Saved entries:

======

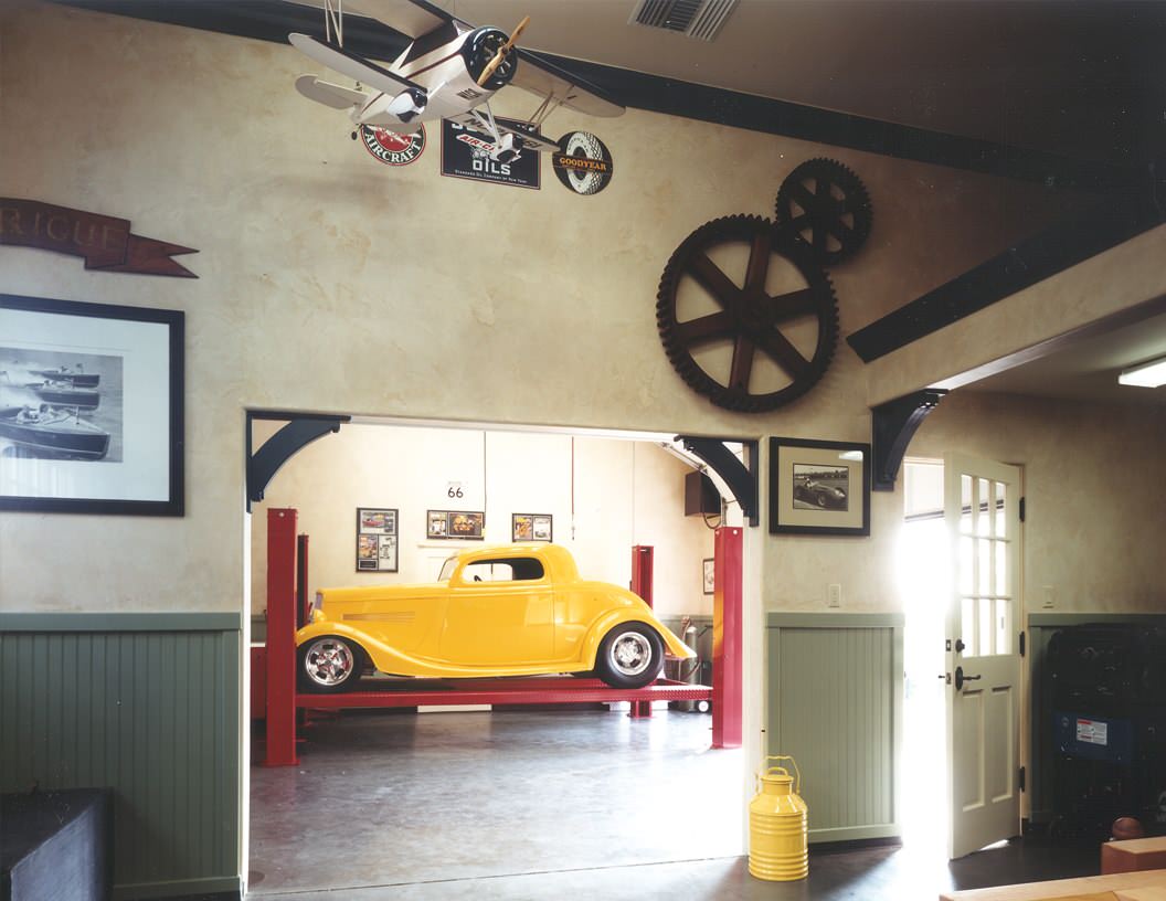 The owner of this Tudor-style house, also by HartmanBaldwin and in Claremont, California, built his fortune through manufacturing and had always wanted a place where he could tinker (he also earns a lot of patents) and restore classic cars.
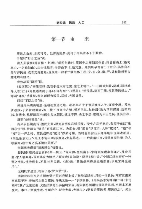 退,宋人耻其降,遂贬其众为堕民。”顾炎武《日知录·降臣》条注云:“今浙江绍兴府有一种
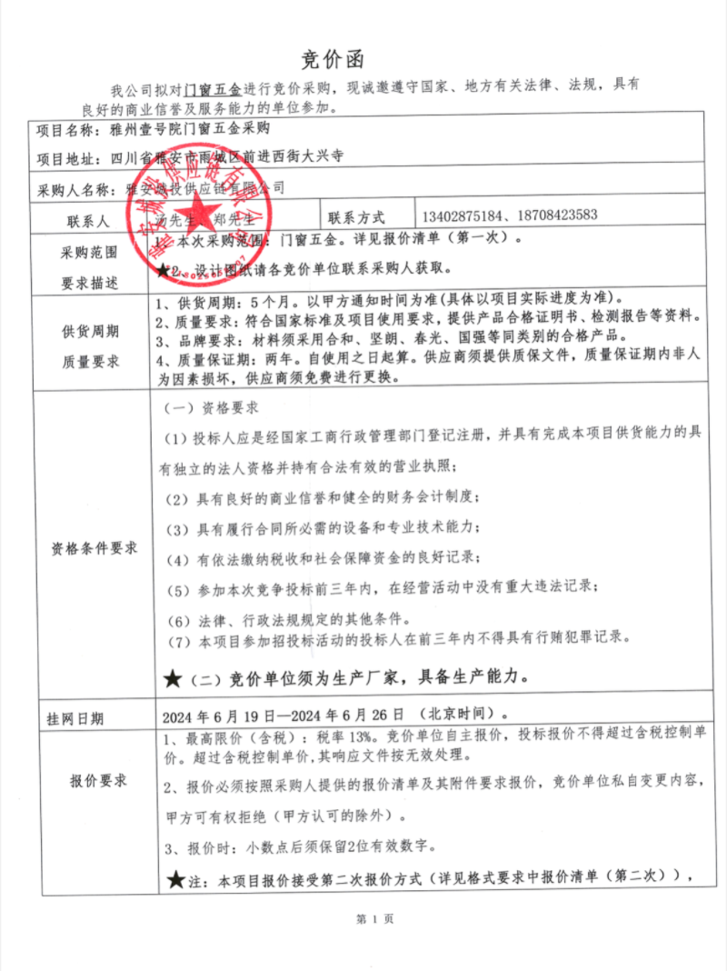 報價清單(第一次)-雅州壹號院門窗五金采購
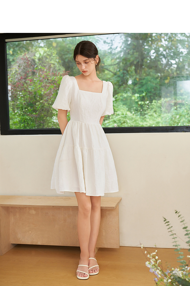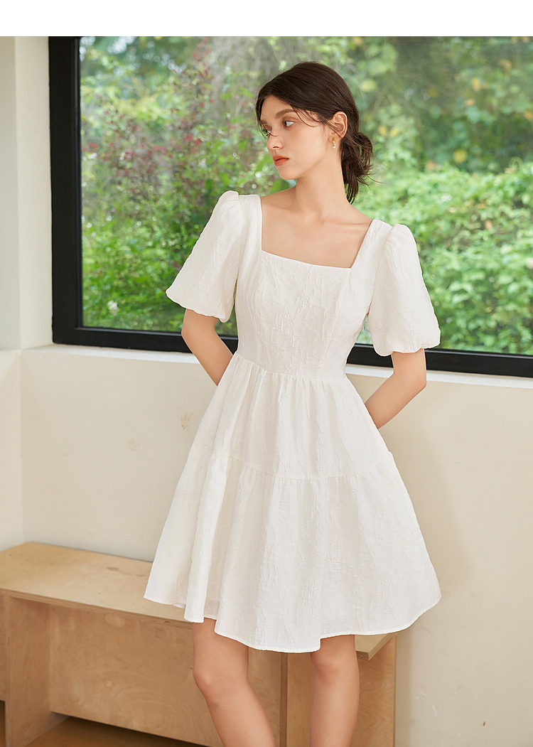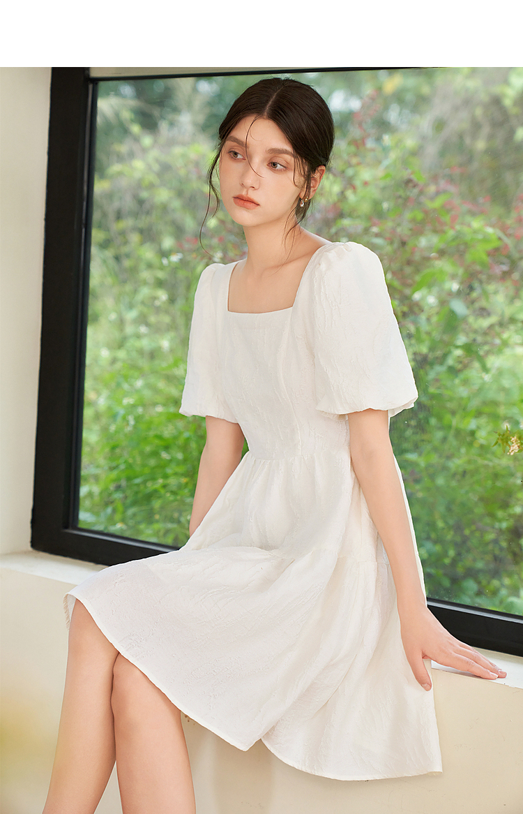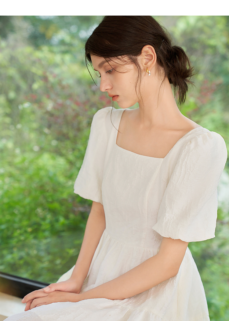 法式浪漫肌理感提花花苞袖连衣裙女夏季甜美白月光公主裙V1541122
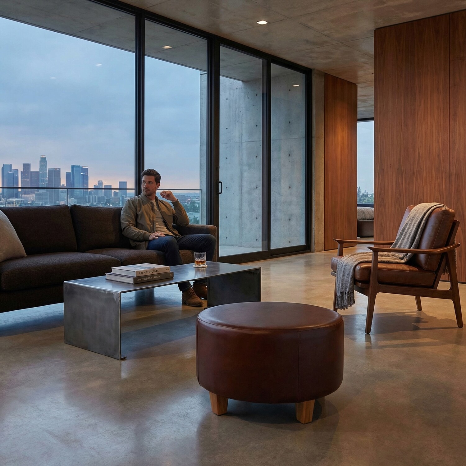 Bare Decor William Genuine 100% Leather Round Ottoman // Brown
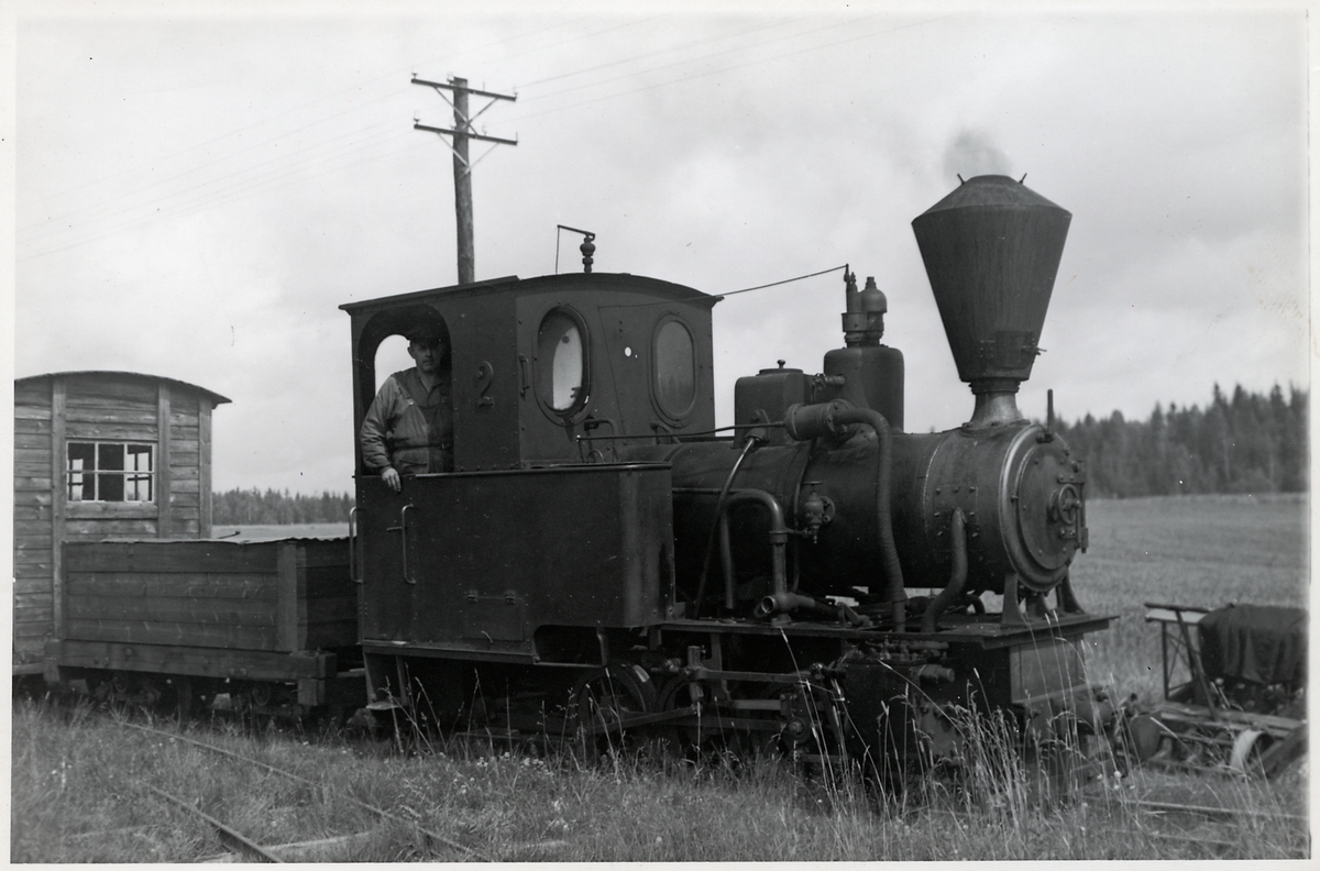 Lindfors Bosjöbanan, LBB lok 2 "Lotta" med lokförare Bengtsson.
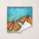 Monarch Butterfly Handtuch Set in grün und blau mit orangefarbenen Schmetterlingen.
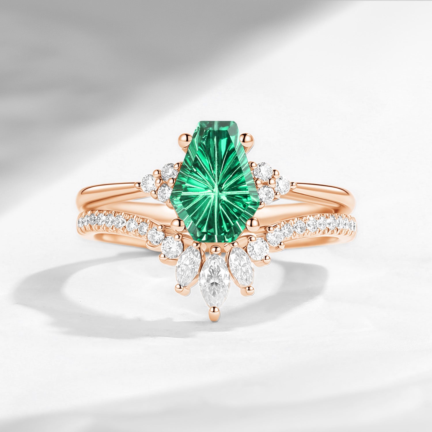 ⟢ Center Stone: Lab Emerald, Coffin Firework Cut
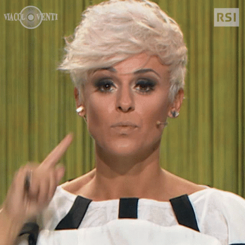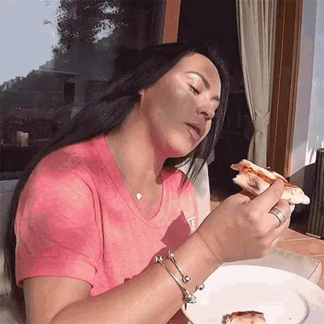 Clarissa Tami makes a delightful 'mmm' expression, pointing to her cheek on Via Col Venti.
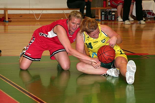 Ljósmynd/ Helena Ingimarsdóttir leikmaður Skallagríms og Lovísa Guðmundsdóttir leikmaður Vals berjast um boltann í teignum.
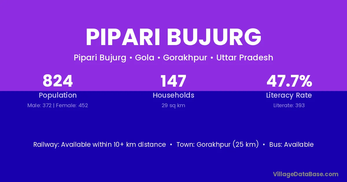 Gorakhpur (25 km) is the nearest town to Pipari Bujurg village for major economic activities and is located approximately 25 km away.

======

Leave the images out and give the rest of the data again exactly.

 The owner of this Tudor-style house, also by HartmanBaldwin and in Claremont, California, built his fortune through manufacturing and had always wanted a place where he could tinker (he also earns a lot of patents) and restore classic cars.
 退,宋人耻其降,遂贬其众为堕民。”顾炎武《日知录·降臣》条注云:“今浙江绍兴府有一种
 報價清單(第一次)-雅州壹號院門窗五金采購
 法式浪漫肌理感提花花苞袖连衣裙女夏季甜美白月光公主裙V1541122
 Bare Decor William Genuine 100% Leather Round Ottoman // Brown
 Lindfors Bosjöbanan, LBB lok 2 "Lotta" med lokförare Bengtsson.
 Monarch Butterfly Handtuch Set in grün und blau mit orangefarbenen Schmetterlingen.
 ⟢ Center Stone: Lab Emerald, Coffin Firework Cut
 Clarissa Tami makes a delightful 'mmm' expression, pointing to her cheek on Via Col Venti.
 Ljósmynd/ Helena Ingimarsdóttir leikmaður Skallagríms og Lovísa Guðmundsdóttir leikmaður Vals berjast um boltann í teignum.
 Gorakhpur (25 km) is the nearest town to Pipari Bujurg village for major economic activities and is located approximately 25 km away.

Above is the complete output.